Ainda existe a figura da mãe social, que nos dizeres de Godinho (2021, p. 424)

trata-se de figura social e jurídica surgida no âmbito das políticas sociais brasileiras anteriores à constituição de 1988, por meio das quais instituições públicas ou privadas de caráter assistencial instituíam casas-lares para recebimento e convivência de crianças e adolescentes, em aproximação ao ambiente familiar, sob regência direta de uma mulher considerada apta para o exercício dessa função social.

Conclui-se que, essas ações afirmativas são necessárias para que a mulher possa realizar seu trabalho com seus direitos preservados sem desclassificá-las pela condição de mãe ou situações análogas. A busca pela isonomia deve nortear não só o legislador, mas, toda a sociedade ao valorizar o que realmente importa no ambiente de trabalho e usar as diferenças naturais entre homens e mulheres de forma a agregar e não excluir.

5. CONCLUSÃO

O desenvolvimento do presente estudo possibilitou uma análise dos direitos trabalhistas da mulher no Brasil, observando que, em que pese alguns direitos estarem consolidados na legislação, ainda há burla em seus cumprimentos.

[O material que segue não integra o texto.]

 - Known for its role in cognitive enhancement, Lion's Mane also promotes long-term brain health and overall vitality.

Em posterior análise da historicidade dos direitos da mulher, percebe-se que o Brasil sempre teve cultura de desigualdade entre os direitos trabalhistas da mulher e do homem. É importante destacar que é do trabalho que depende a sobrevivência do ser humano, portanto, o ato de não considerar as peculiaridades da natureza feminina nas condições de trabalho, é ignorar seus direitos, é desrespeitar a função social do trabalho, violando diversas normas brasileiras prevista na Constituição Federal.

Isto posto, podemos concluir que se faz necessário por parte do Governo que haja ações afirmativas acerca dos direitos das mulheres, com uma efetiva conscientização dos empregadores com foco na inclusão das mulheres no mercado de trabalho, bem como uma maior coercitividade na aplicação de penalidades aos que as discriminam. Com essas condutas alinhadas, podemos chegar a uma aplicação efetiva do princípio da isonomia entre os gêneros e as mulheres poderão realizar seu trabalho com mais valorização e oportunidade.

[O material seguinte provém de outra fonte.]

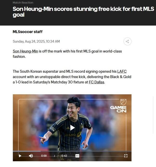 MLS, 대서특필! '최고! 최고! 최고!' 손흥민, MOM 싹쓸이..."SON, 월드클래스 수준의 데뷔 골, 막을 수 없는 다이렉트 프리킥"
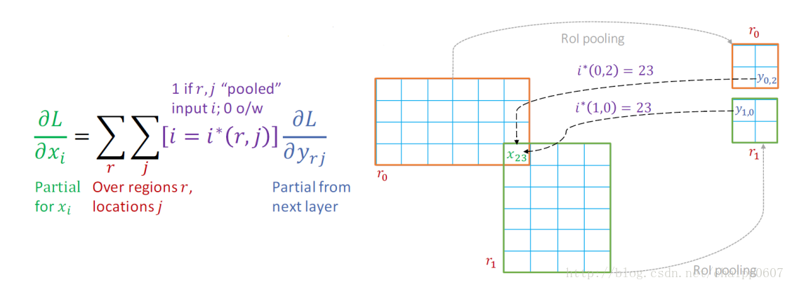 上图中有r0与r1两个区域,每个区域都通过RoI pooling之后生成4个bin,x23的意思是第23个像素,那么计算x23位置的梯度就可以根据上图中左侧的公式,其中r是包含有这一点的区域,j是某个区域内的所有位置。
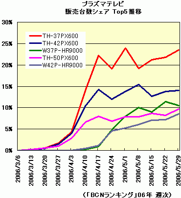 販売台数トップ5のシェア推移を見ると、松下の「TH-37PX600」が4月以降、垂直に立ち上がったほか、37V型、42V型他の新製品もそれぞれ順調に立ち上がり、トップ5は全て新製品に入れ替わった。
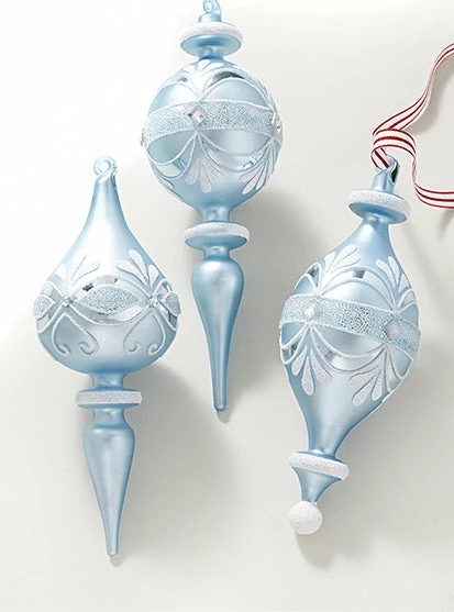 Make your tree beautiful with these designer Vintage Elegance Blue Finial Ornaments.
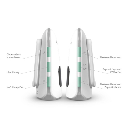 V prípade, že je aktivovaný režim VOX, sa detská jednotka aktivuje až vo chvíli, keď zaznamená nejaký zvuk. Tento režim tak zvyšuje výdrž batérie v oboch jednotkách.

Em resumo, podemos concluir que, com vista a erradicar a discrepância existente nas condições de trabalho da mulher e do homem, o Estado brasileiro deve investir na política de ações afirmativas em prol da mulher. Além disso, tem-se a necessidade de promover políticas públicas de educação social dos cidadãos, prestando o aperfeiçoamento das profissões por meio de um ensino de qualidade, sendo imprescindível o acolhimento das mulheres, sobretudo em condição de gestante ou lactante, objetivando que essas condições não se tornem obstáculos para a mulher exercer sua atividade profissional e nem que sejam motivo para receber remuneração abaixo da masculina no mercado de trabalho.

REFERÊNCIAS BIBLIOGRÁFICAS

BRASIL. Constituição (1988). Constituição da República Federativa do Brasil. Diário Oficial da União, Brasília, DF. 5 de outubro de 1988. Seção 1. Disponível em <http://www.planalto.gov.br/ccivil_03/constituicao/constituicao.htm>. Acesso em: 27 dez. 2021.

BRASIL. Decreto-Lei 5.452 de 1º de maio de 1943. Consolidação das Leis do trabalho, Brasília, DF, Out. 2017.

BOSSA, Sônia. Direito do trabalho da mulher: no contexto social brasileiro e medidas antidiscriminatórias, 1998

CORREIA, Henrique. Curso de Direito do Trabalho. 6ª edição. Editora Juspodivm, 2021)

DELGADO, Maurício Godinho. Curso de Direito do Trabalho. 19. Ed. São Paulo: LTr, 2020.

MARTINS, Sérgio Pinto. Direito do Trabalho. 21ª ed. São Paulo; Atlas, 2005.

NASCIMENTO, Amauri Mascaro. Curso de Direito do Trabalho. 28ª Ed.; São Paulo, 2013.